Aktualisiert

Challenge LeagueDer FC Biel wendet Konkurs erneut ab

Im Challenge-League-Verein kann man einstweilen aufatmen. Der Konkursrichter hat der vom FC Biel angestrebten Nachlassstundung stattgegeben.

von
woz
Biel-Spieler in der Tissot-Arena. (3. April 2016)

Biel-Spieler in der Tissot-Arena. (3. April 2016)

Keystone

Der Konkursrichter hat der vom FC Biel angestrebten Nachlassstundung stattgegeben. Damit kann der Verein auch eine Sanierung anstreben. Wie das «Bieler Tagblatt» über Twitter meldet, ist der Entscheid zu dem in finanzielle Not geratenen FC Biel vor dem Konkursrichter gefallen. Demnach wird über den Club der Challenge League der Konkurs vorderhand nicht verhängt.

Vielmehr kommt es zu einer auf zwei Monate ausgelegten Nachlassstundung, die auch den Weg zu einer nachhaltigen Sanierung ebnen sollte. Der zuständige Konkursrichter begründete seinen Entscheid damit, dass es gerechtfertigt sei, die Investorenfrage und die Sanierungsaussichten genauer abzuklären.

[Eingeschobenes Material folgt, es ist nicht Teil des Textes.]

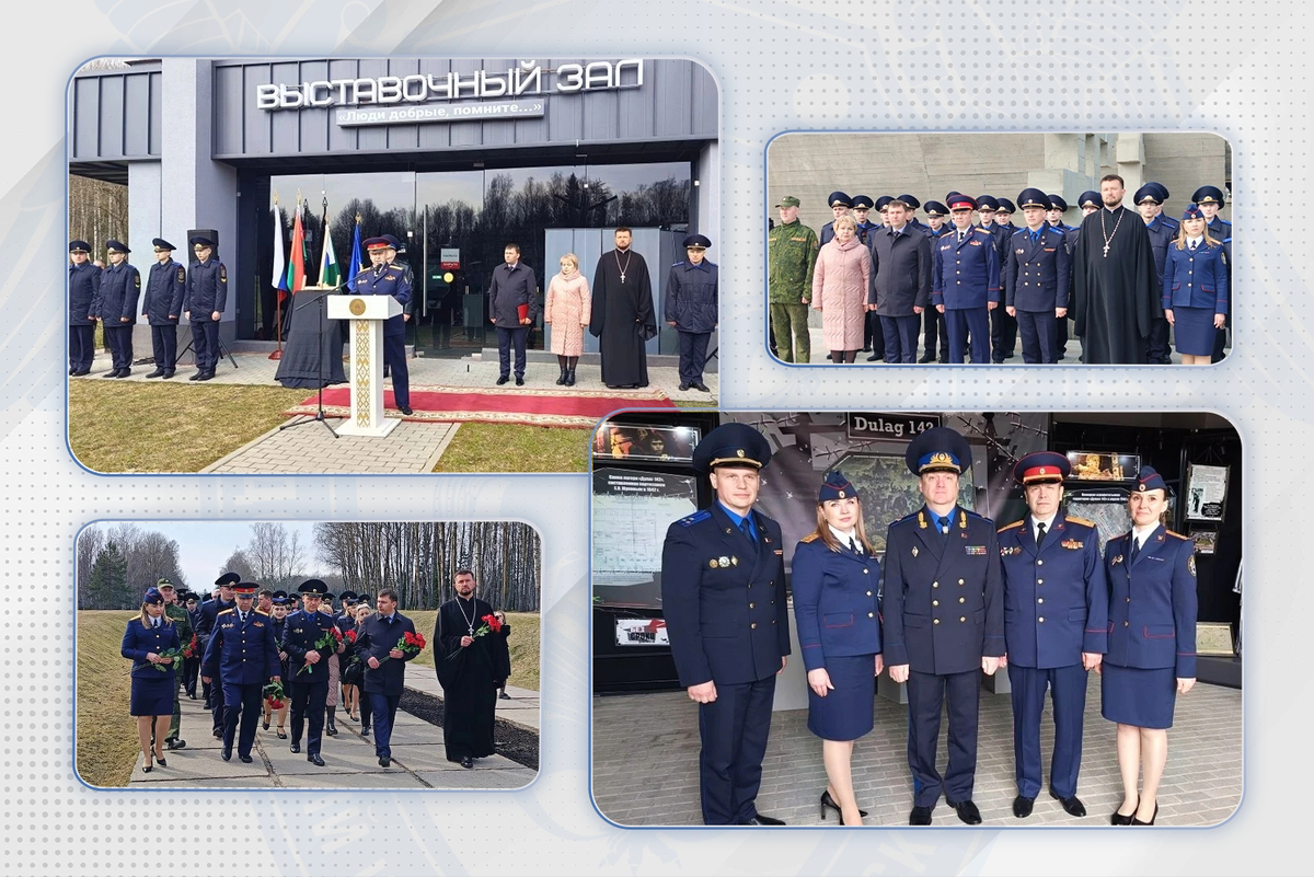 По поручению Председателя Следственного комитета Российской Федерации в ней приняли участие делегации управления общественно-политической работы и следственного управления СК России по Брянской области. Экспозиция, развернутая на священной земле – символе трагедии белорусского народа, – доставлена в Республику Беларусь из Брянской области. Ее основу составляют уникальные экспонаты Брянского государственного краеведческого музея «Дулаг-142» о работе следователей в годы Великой Отечественной войны, раскрытии преступлений нацистов и их пособников, а также современной борьбе с попытками фальсификации истории. В торжественном мероприятии приняли участие первый заместитель Председателя Следственного комитета Республики Беларусь Олег Станиславович Шандарович, руководитель отдела пропагандистской и агитационной работы управления общественно-политической работы Следственного комитета России Игорь Владимирович Федотов, директор Государственного мемориального комплекса «Хатынь» Дмитрий Сергеевич Вильтовский, директор Брянского государственного краеведческого музея Ирина Константиновна Кулешова, настоятель храма в честь Рождества Пресвятой Богородицы в мемориальном комплексе «Хатынь» протоиерей Павел Яцукович, сотрудники следственных ведомств двух стран, курсанты следственно-экспертного факультета Академии МВД Республики Беларусь.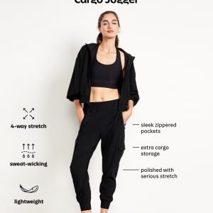 High-Waisted SleekTech Cargo Joggers: Featuring SleekTech. Polished and lightweight, with serious stretch.elastic waist, zippered hip pockets, flap-cargo pockets at thigh, go-dry wicks moisture, breathable, pull-on style, #569700

Der richterliche Entscheid hat nichts damit zu tun, ob die Mannschaft des FC Biel die restlichen sechs Spiele der Challenge-League-Saison noch bestreitet oder nicht. Die für das letzte Wochenende vorgesehene Partie gegen Lausanne haben die Spieler mit einem Streik platzen lassen.

Financier soll 800'000 Franken einschiessen

Geht es nach dem streitbaren Clubpräsidenten Carlo Häfeli, soll die Mannschaft schon diesen Sonntagnachmittag für das Heimspiel gegen Wil auf den Platz zurückkehren. Häfeli konnte dem Richter glaubhaft machen, Martin von Burg, ein Financier aus Grenchen, würde 800'000 Franken einschiessen. Mit diesem Geld könnten ausstehende Löhne und Sozialabgaben beglichen werden.

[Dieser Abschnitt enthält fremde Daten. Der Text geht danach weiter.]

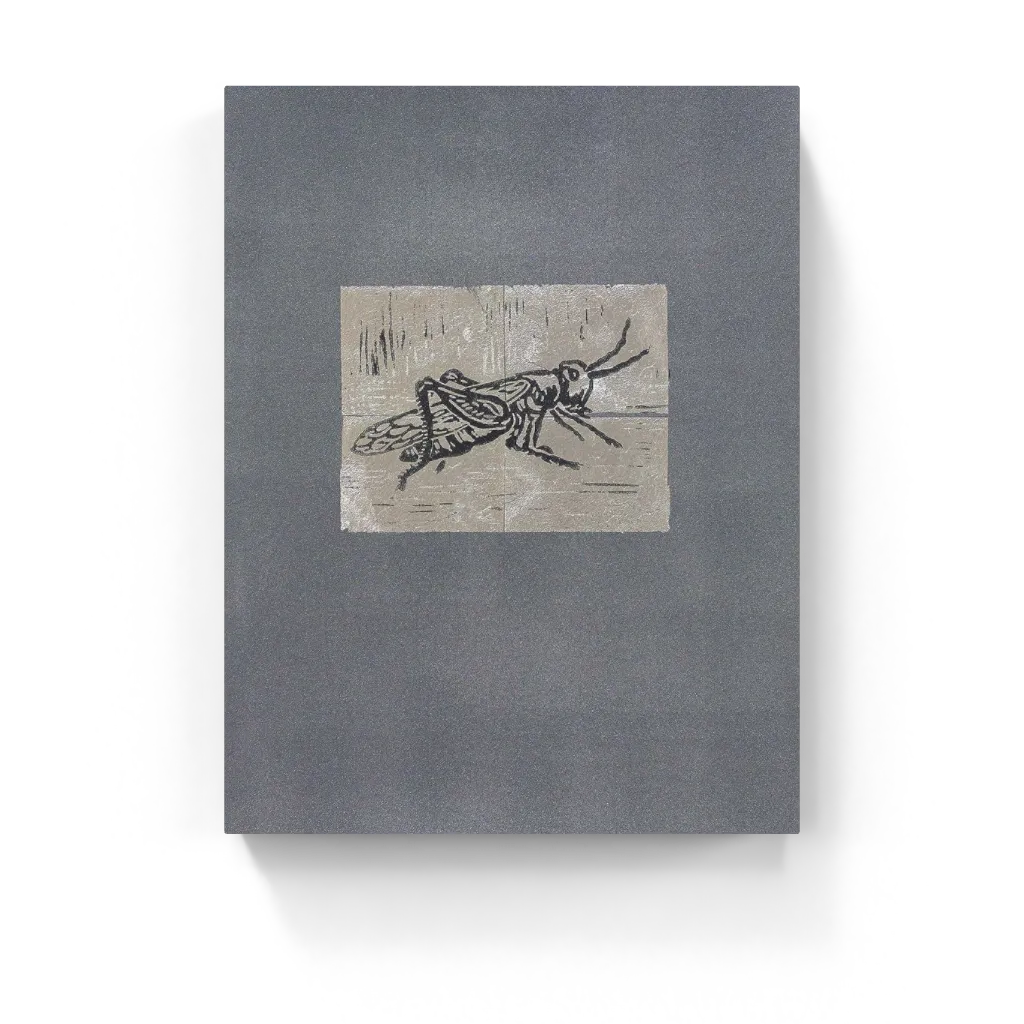 A single ant, boldly inked in black, traverses a gold-leafed terrain etched with fine lines. Centered on a deep gray field, the image feels both intimate and iconic—quietly honoring strength in the small.

Überdies sprach Häfeli von einem angeblichen Investor, einem Amerikaner. Dieser sei bereit, mit einem Betrag von zehn Millionen Dollar in das Unternehmen FC Biel einzusteigen. Häfeli legte hierzu vor Gericht ein E-Mail vor, das diesen Sachverhalt bestätigen sollte. (woz/sda)

Deine Meinung

Fehler gefunden?Jetzt melden.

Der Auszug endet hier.